Really?
Ok.
There’s some background here. I have a friendship, for the last half-century, that has been of considerable influence. He and I happened to be in several classes in both Middle and High School, and we were on the same swim and water polo teams. Our social groups overlapped, and, although we were not best friends, the connections ran deep.
At the funeral of an old friend’s wife recently, he told me that my posts would be “significantly enhanced” if there was “… more of a Buddhist slant” to my commentary. Since I see him, still, as dialed-in to the Zeitgeist way before many of the rest of us even notice, I thought I’d play along in a way that may rattle some cages.
First off, there is this misconception that those of us who have dug a little deeper into formal practice are universally “OK” with everything. Opinions… checked at the door; simply fine with the way the world is in this moment without taking a side on anything.
Big misconception here.
Being a Buddhist does NOT mean that you don’t have a position or an opinion. Rather, the core teaching supports taking a position without attaching to an outcome. The predicate (‘without attaching to an outcome’) is confusing to most Westerners whose lives are, generally built on the relative success or failure of meeting outcomes. I can only say as a former monk, the core of the Dharma pointed us in a different direction. The outcome wasn’t the issue. Rather, a person’s ability to meet an outcome that differed from their preference with grace and ease would ultimately act as a determiner of their depth of practice. It’s easy at this point to take issue with this aspect of the teachin.
“No one gets to judge me or my ability to meet challenges with either grace OR ease.”
Sit down, shut the fuck up, and recognize that you’re tightly held opinions about this issue are limiting your ability to be an effective agent of change. You are clearly afraid of being judged.

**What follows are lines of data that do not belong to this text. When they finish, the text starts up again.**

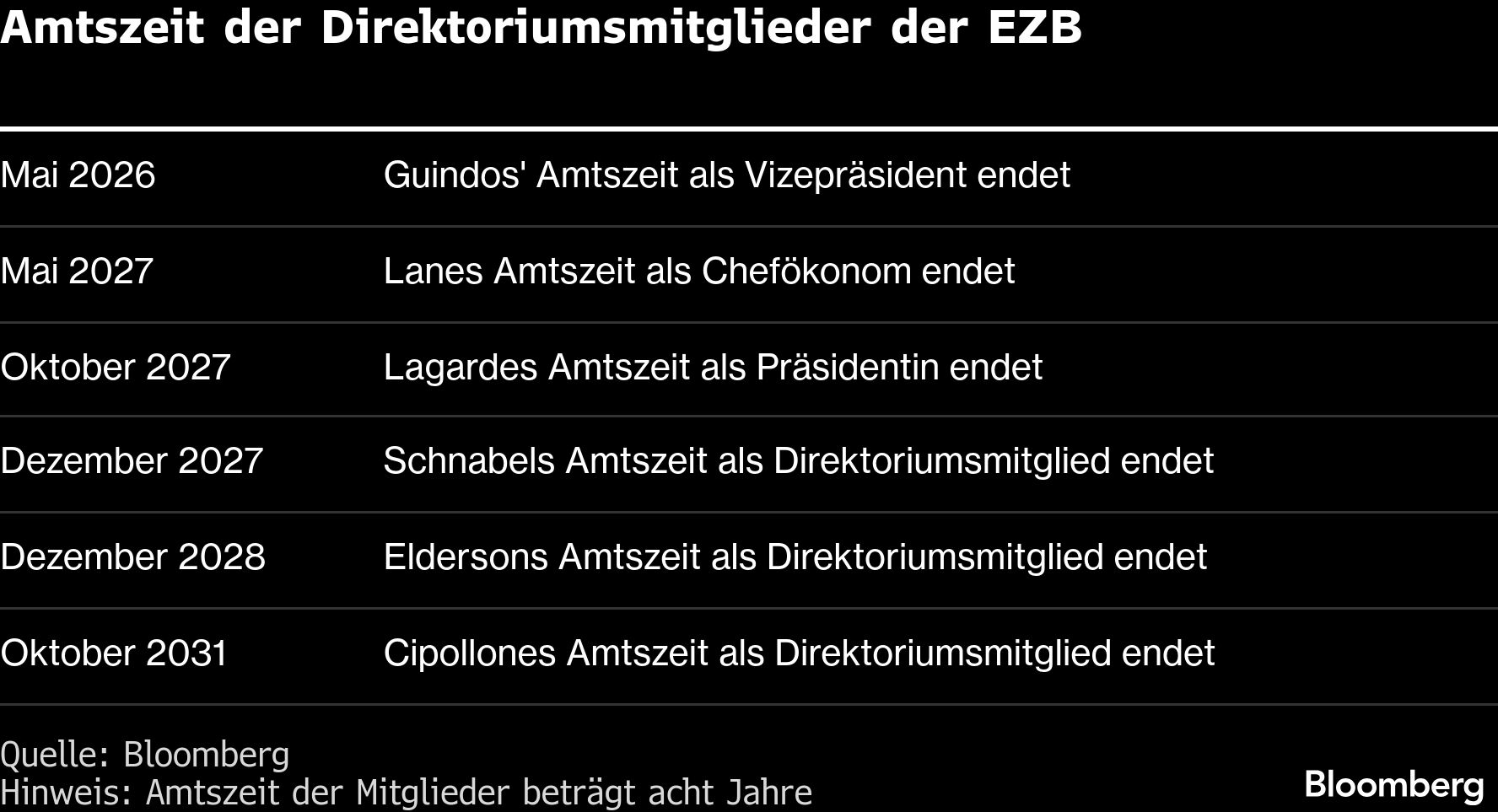 Zu weiteren als wahrscheinlich oder qualifiziert eingestuften Nachfolgern zählen Frankreichs Notenbankchef François Villeroy de Galhau und Italiens Fabio Panetta, deren Länder das Präsidentenamt jeweils bereits innehatten. Dann gibt es noch Olli Rehn aus Finnland, der bei der Wahl zum Vizepräsidenten den zweiten Platz belegte.
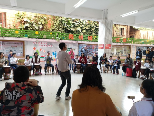 鼓圈音乐治疗,学校安排家长、教师及学生40多人参与音乐治疗团体体验活动,通过音乐治疗,促进人际关系的良性互动,从而促进人们的身心健康。
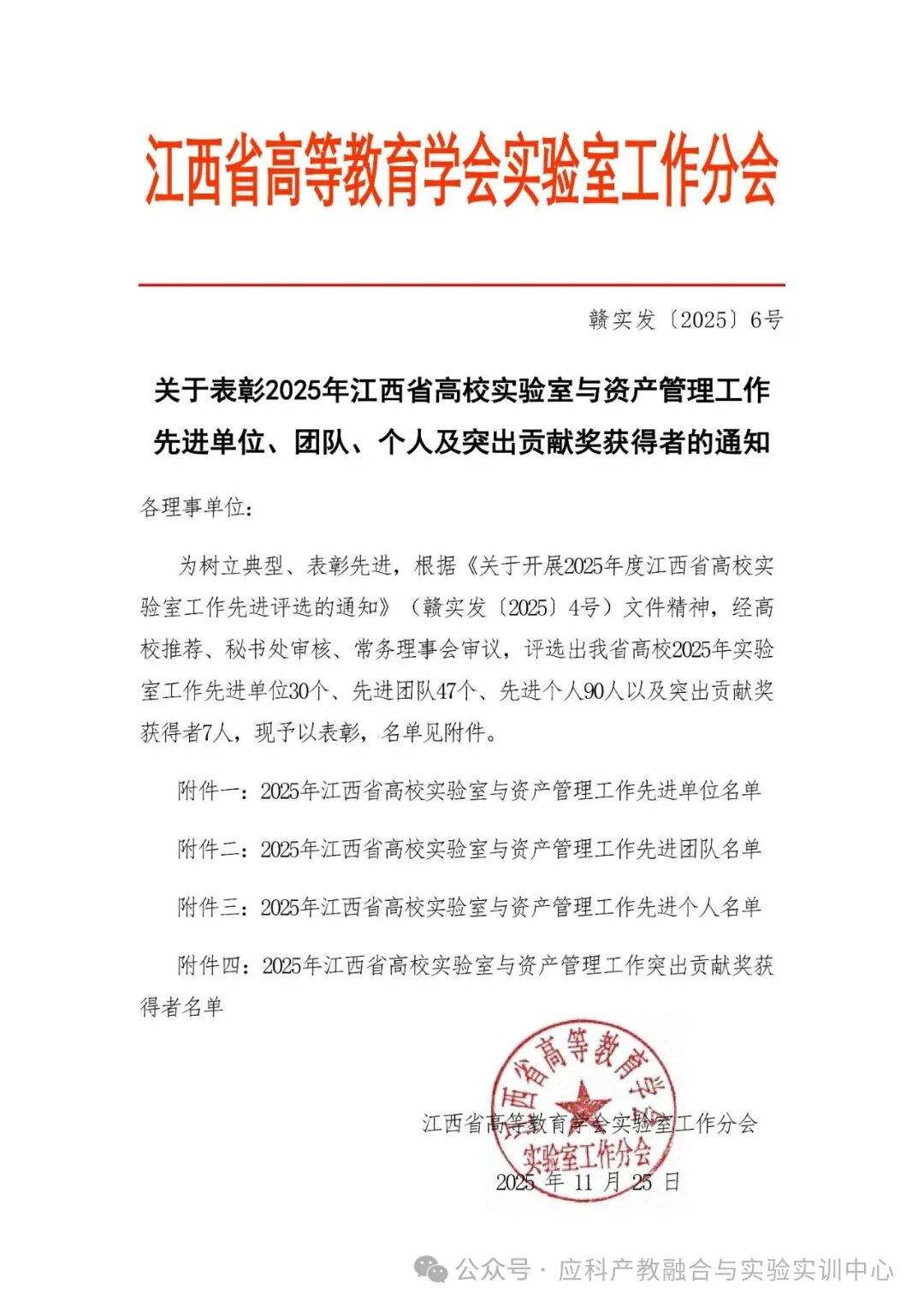 江西省高等教育学会实验室工作分会印发《关于表彰2025年江西省高校实验室与资产管理工作先进单位、团队、个人及突出贡献奖获得者的通知》,我校荣获2025年度“江西省高校实验室与资产管理工作先进单位”,学校信创产业学院信创AI融合创业团队获“江西省高校实验室与资产管理工作先进团队”,智造学院教师王善增获“江西省高校实验室与资产管理工作先进个人”荣誉称号。

The key to your happiness and your peace is to meet this fear with the kind of openness that will allow for you to become more intimate with any, and all, situations with curiosity and wonder RATHER than any expectation of any kind of outcome.
Probably sounds obvious, but holding on to an outcome is the problem. The situation, whatever it might be, is merely a context for the tests that challenge our capacity to cling to expectations. Letting this tendency go is not easy. But hanging on to it is more difficult.
Imagine your life in ways where clinging to a past, or a future, took a backseat to a life where the present moment dominates your immediate experience. It’s a difficult practice around which an entire wisdom tradition was built, but, for thousands of years, it has offered a path for those seeking a freedom that is oriented around the stability that Truth offers. Fearlessness abounds in this place, where one’s ego lets go of the wheel and allows for inspiration to inform the gaps offered by our terminal sense of lack.